Dataset excerpts

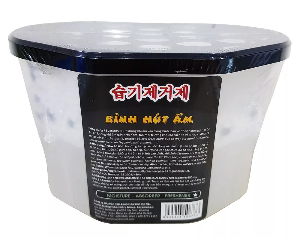 Thông số sản phẩmTên sản phẩm : Bình hút ẩm Hando 450mlHướng dẫn sử dụng : Mở nắp, lột bỏ lớp giấy bạc, giữ lớp giấy thấm và để nơi mình muốn. Không làm rách lớp giấy thấm, thay bình khác khi mực nước xấp xỉ nửa bình.Hướng dẫn bảo quản : Bảo quản nơi khô ráo, thoáng mát, tránh xa tầm với của trẻ em và không ăn đượcThành phần : Calcium super, fragance pelleet, chất chống ẩm mốc, khử mùi…Công dụng : Hút ẩm, chống mốc, giữ đồ vật khô ráo và khử mùi chua mốc hiệu quảDung tích : 450 (ml)Xuất xứ : Việt Nam
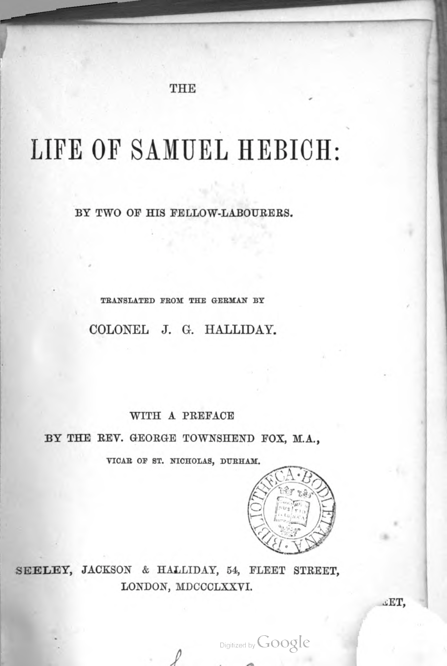 The Life of Samuel Hebich: By Two of His Fellow Labourers
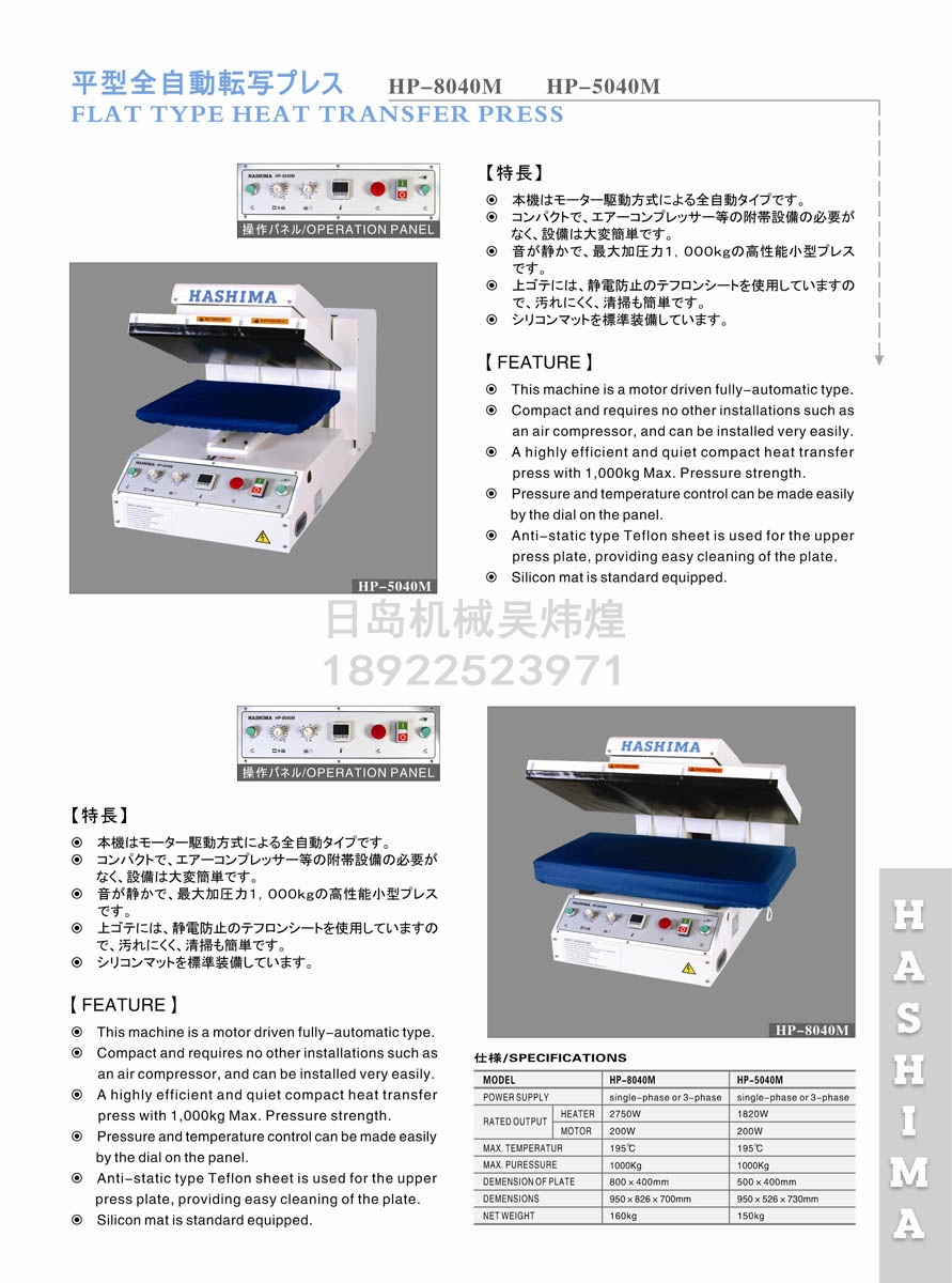 • 羽島HASHIMA HP-5040M/HP-8040M平型自動(dòng)印花機
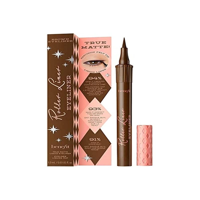 Benefit Cosmetics Roller Liner Matte Liquid Eyeliner in Brown - 0.03 FL OZ. This matte liquid liner features an easy-glide precision felt tip for sharp, controlled lines and a super-smooth application that won't drag. The quick-dry, waterproof formula lasts all day and dries to a natural matte finish without flaking, fading, bleeding, or smudging, so you can let the good times roll all day and all night.
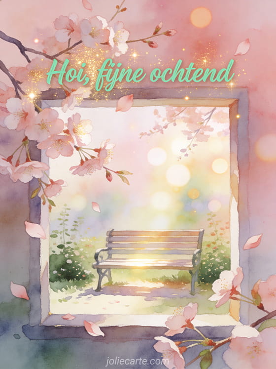 Maak het begin van de dag zachter met deze aquarelkaart, met kersenbloesemblaadjes, tere takken en een rustig bankje in de tuin. Bekijk ook oh hoi, hoi kusjes of kusjes hoi.
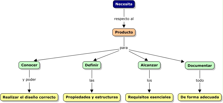 Este Cmap, tiene información relacionada con: Necesita, Producto para Documentar, Alcanzar los Requisitos esenciales, Producto para Definir, Producto para Alcanzar, Necesita respecto al Producto, Definir las Propiedades y estructuras, Producto para Conocer, Documentar todo De forma adecuada, Conocer y poder Realizar el diseño correcto

> [REQUIRED WORK]:
Retype each line above precisely, please. Skip anything that is a picture.

> [SOLUTION FOR THIS TASK]:
 Thông số sản phẩmTên sản phẩm : Bình hút ẩm Hando 450mlHướng dẫn sử dụng : Mở nắp, lột bỏ lớp giấy bạc, giữ lớp giấy thấm và để nơi mình muốn. Không làm rách lớp giấy thấm, thay bình khác khi mực nước xấp xỉ nửa bình.Hướng dẫn bảo quản : Bảo quản nơi khô ráo, thoáng mát, tránh xa tầm với của trẻ em và không ăn đượcThành phần : Calcium super, fragance pelleet, chất chống ẩm mốc, khử mùi…Công dụng : Hút ẩm, chống mốc, giữ đồ vật khô ráo và khử mùi chua mốc hiệu quảDung tích : 450 (ml)Xuất xứ : Việt Nam
 The Life of Samuel Hebich: By Two of His Fellow Labourers
 • 羽島HASHIMA HP-5040M/HP-8040M平型自動(dòng)印花機
 Benefit Cosmetics Roller Liner Matte Liquid Eyeliner in Brown - 0.03 FL OZ. This matte liquid liner features an easy-glide precision felt tip for sharp, controlled lines and a super-smooth application that won't drag. The quick-dry, waterproof formula lasts all day and dries to a natural matte finish without flaking, fading, bleeding, or smudging, so you can let the good times roll all day and all night.
 Maak het begin van de dag zachter met deze aquarelkaart, met kersenbloesemblaadjes, tere takken en een rustig bankje in de tuin. Bekijk ook oh hoi, hoi kusjes of kusjes hoi.
 Este Cmap, tiene información relacionada con: Necesita, Producto para Documentar, Alcanzar los Requisitos esenciales, Producto para Definir, Producto para Alcanzar, Necesita respecto al Producto, Definir las Propiedades y estructuras, Producto para Conocer, Documentar todo De forma adecuada, Conocer y poder Realizar el diseño correcto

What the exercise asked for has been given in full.